Ich schaue zu Boden, seine Schuhe erscheinen in meinem Blickfeld.
"Schade", ist alles, was er dazu zu sagen hat.
Ein verschmitztes Lächeln huscht über seine Lippen.

"Weißt du, was ich mir manchmal gerne vorstelle?", fragt er und kommt noch näher.
"Was?"
Ich lege meine Hände auf seine Brust, halte ihn auf Abstand und versuche ihn entschieden wegzuschieben.

"Das es uns in einem Paralleluniversum gibt und das dort alles noch so wie früher ist. So wie vor ..."
Ich blicke in seine schmalen Augen, suche nach Ironie, einem Witz. Doch er scheint sich nicht über mich lustig zu machen.
"So etwas wie ein Paralleluniversum gibt es aber nicht", spucke ich ihm ins Gesicht.

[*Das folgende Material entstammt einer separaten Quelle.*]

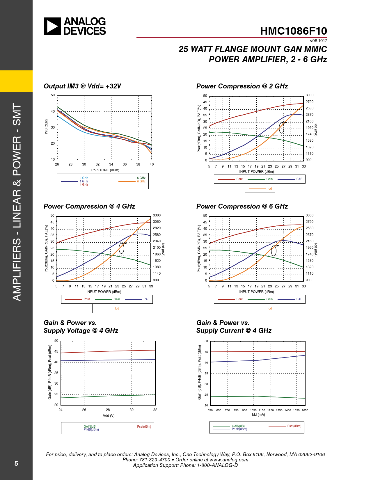 HMC1086F10 v06.1017 25 WATT FlAnge MounT gAn MMICPoWeR AMPlIFIeR, 2 - 6 gHzoutput IM3 @ Vdd= +32VPower Compression @ 2 gHz 50 50 3000 T 45 2790 ) (% 40 2580 m 40 E A 35 2370 s ) ), P 30 2160 Idd (dB (dBc 30 IN 25 1950 (mA) 3 A IM r - 20 1740 ), G m e 15 1530 20 10 1320 out(dB w P 5 1110 o 10 0 900 26 28 30 32 34 36 38 40 p 5 7 9 11 13 15 17 19 21 23 25 27 29 31 33 Pout/TONE (dBm) INPUT POWER (dBm) 2 GHz 5 GHz Pout Gain PAE 3 GHz 6 GHz 4 GHz r & Idd A e Power Compression @ 4 gHzPower Compression @ 6 gHz 50 3300 50 3000 lin 45 3060 45 2790 ) (% 40 2820 (% 40 2580 E E A 35 2580 A 35 2370 s - ), P ), P 30 2340 Idd 30 2160 Idd r (dB (dB IN 25 2100 (mA) IN 25 1950 (mA) A A ie 20 1860 ), G 20 1740 ), G m m 15 1620 15 1530 10 1380 10 1320 lif out(dB out(dB P P 5 1140 5 1110 p 0 900 0 900 m 5 7 9 11 13 15 17 19 21 23 25 27 29 31 33 5 7 9 11 13 15 17 19 21 23 25 27 29 31 33 A INPUT POWER (dBm) INPUT POWER (dBm) Pout Gain PAE Pout Gain PAE Idd Idd gain & Power vs.gain & Power vs.Supply Voltage @ 4 gHzSupply Current @ 4 gHz 50 50 ) m m 45 45 sat (dB sat (dB 40 ), P 40 ), P m m (dB 35 (dB 35 4dB 4dB 30 ), P 30 ), P 25 ain (dB 25 ain (dB G G 20 20 24 26 28 30 32 550 650 750 850 950 1050 1150 1250 1350 1450 1550 1650 Vdd (V) Idd (mA) GAIN(dB) Psat(dBm) GAIN(dB) Psat(dBm) P4dB(dBm) P4dB(dBm) For price, delivery, and to place orders: Analog Devices, Inc., One Technology Way, P.O. Box 9106, Norwood, MA 02062-9106 Phone: 781-329-4700 • Order online at www.analog.com 5 Application Support: Phone: 1-800-ANALOG-D Document Outline Typical Applications Features Functional Diagram General Description Electrical Specifications Performance Characteristics Gain & Return Loss Gain vs. Temperature Input Return Loss vs. Temperature Output Return Loss vs. Temperature Low Frequency Gain & Return Loss Noise Figure vs. Frequency P1dB vs. Temperature Psat vs. Temperature P1dB vs. Vdd Psat vs. Vdd Output IP3 vs. Temperature @ Pout = 18 dBm Tone Power Compression @ 10 GHz Power Dissipation Second Harmonics vs. Temperature @ Pout = 18 dBm Second Harmonics vs. Vdd @ Pout = 18 dBm Second Harmonics vs. Pout Absolute Maximum Ratings Typical Supply Current vs. Vdd Outline Drawing Die Packaging Information Pad Descriptions Assembly Diagram Application Circuit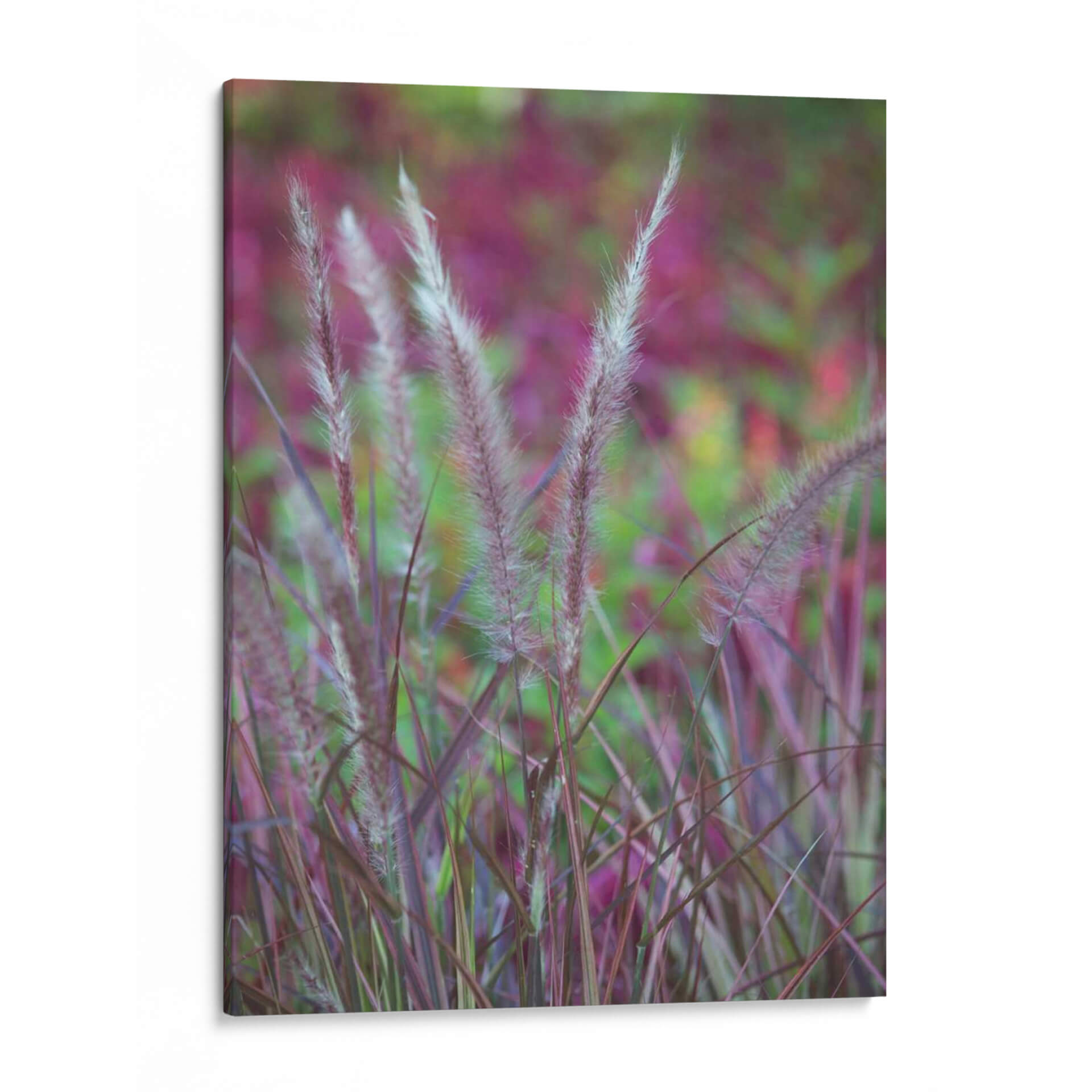 Sumérgete en la delicada belleza de "Plumes Purple II", una obra de arte que captura la elegancia etérea de las plumas de hierba en tonos púrpuras y verdes. La composición se centra en el primer plano de estas espigas, con un fondo suavemente desenfocado que evoca un jardín exuberante bañado por la luz. Los colores vibrantes pero armoniosos, dominados por púrpuras profundos, rosas intensos y toques de verde, crean una atmósfera de serenidad y vitalidad. El estilo fotográfico, con un enfoque nítido en las texturas finas de las plumas y un bokeh cautivador, atrae la mirada y transmite una sensación de calma natural. Este cuadro decorativo es ideal para añadir un toque de sofisticación y conexión con la naturaleza a cualquier espacio, desde una sala de estar moderna hasta un sereno dormitorio o una oficina que busca inspiración. Su diseño evocador lo convierte en una pieza central que invita a la contemplación y al aprecio por la belleza sutil del mundo natural. Añade un toque de color y tranquilidad a tu hogar u oficina con esta impresionante representación botánica.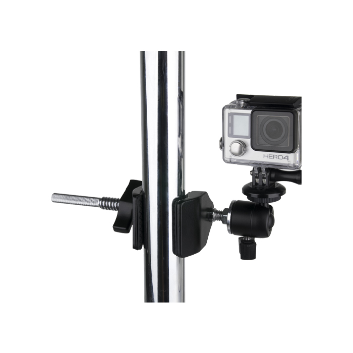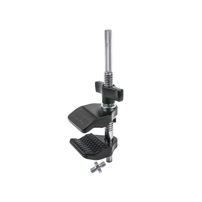 Miniversion af Super Viser Clamp med 1/4''-20 gevind med hungevind på 3/8" (10 mm), riflet stålstang og en 3/8''-16 hanstift i bunden af jaw til tilslutning med forskellige former for lys- og videotilbehør.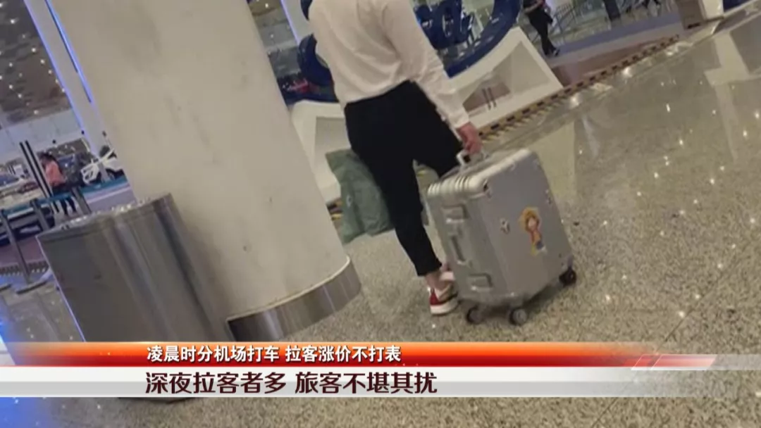 針對黃先生反映的情況,記者在晚上11點鐘來到機場實地調(diào)查。在機場到達大廳的出入口,記者看到兩名男子站在出口位置,詢問出來的旅客,是否需要打車,一看到附近有機場安保人員出現(xiàn),兩名男子便立刻轉(zhuǎn)身離開。

Ich stoße ihm vor die Brust und machen einen schnellen Schritt zur Seite.
An der Tür angekommen, atme ich einmal tief durch.
Ich schaue mich nicht um.

Ich lasse James, meinen ehemaligen besten Freund, einfach in seinem Zimmer zurück und hoffe, dass ich irgendwann all die unliebsamen Erinnerungen auf gleiche Weise zurücklassen kann, wie diesen Jungen mit den eisblauen Augen in diesem Zimmer voller Gitarren.

Vom Fuße der Treppe aus entdecke ich AJ und Jess lachend in der Mitte des Wohnzimmers.
Sie haben hier wirklich Spaß. Und ich fühle mich wie eine Aussätzige.
Ertappt reiße ich meinen Blick los, wische mir die heißen Tränen aus dem Gesicht und verlasse die Party.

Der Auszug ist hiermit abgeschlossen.